Gdy odszukałem biuro ojca, usłyszałem jego rozmowę telefoniczną.
- Niech mi pan wierzy, mój syn ożeni się z najlepszą kandydatką.
Po raz setny przewróciłem dziś swoimi zielonymi oczami. Wygląda na to, że wszystko kręci się teraz wokół mojego ślubu.
Zapukałem cicho w ogromne drzwi, a następnie popchnąłem je, pozwalając sobie wejść do środka. Spojrzał na mnie, nie przerywając rozmowy.
- Oczywiście, że przyjdziemy na ślub twojej córki. Mój syn na pewno przyprowadzi swoją nową żonę.
Wykrzywiłem usta na plany mojego ojca i jego sztuczny ton.

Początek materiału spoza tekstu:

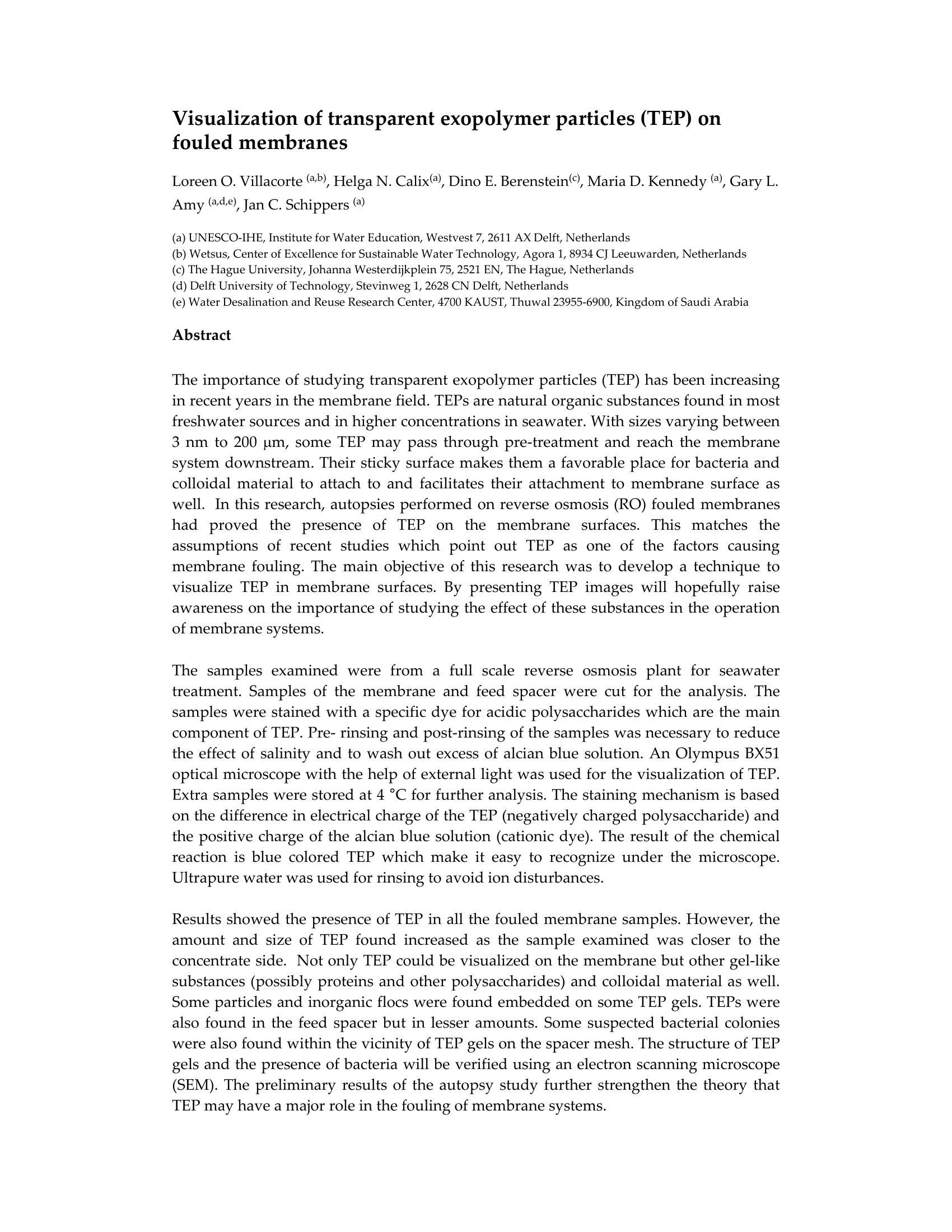 | Keywords | transparent exopolymer particles, fouling, membranes, reverse osmosis |

Nie miałem ochoty na uczestnictwo w ślubie osoby której nie znam. I nie zamierzałem mieć żony do tego czasu. Kilka sekund później ojciec zakończył rozmowę, poświęcając mi całą swoją uwagę.
CZYTASZ
Caged - tłumaczenie II h.s.
FanfictionKiedy biedna dama z Demisewood Creak skończy 18 lat, zostaje zabrana do skorumpowanego miejsca zwanego Trisumber. Trisumber to miejsce, gdzie kobiety żyją w celach. Przetrzymywane są dla zamożnych mężczyzn z miasta, którzy sami wybierają dla siebi...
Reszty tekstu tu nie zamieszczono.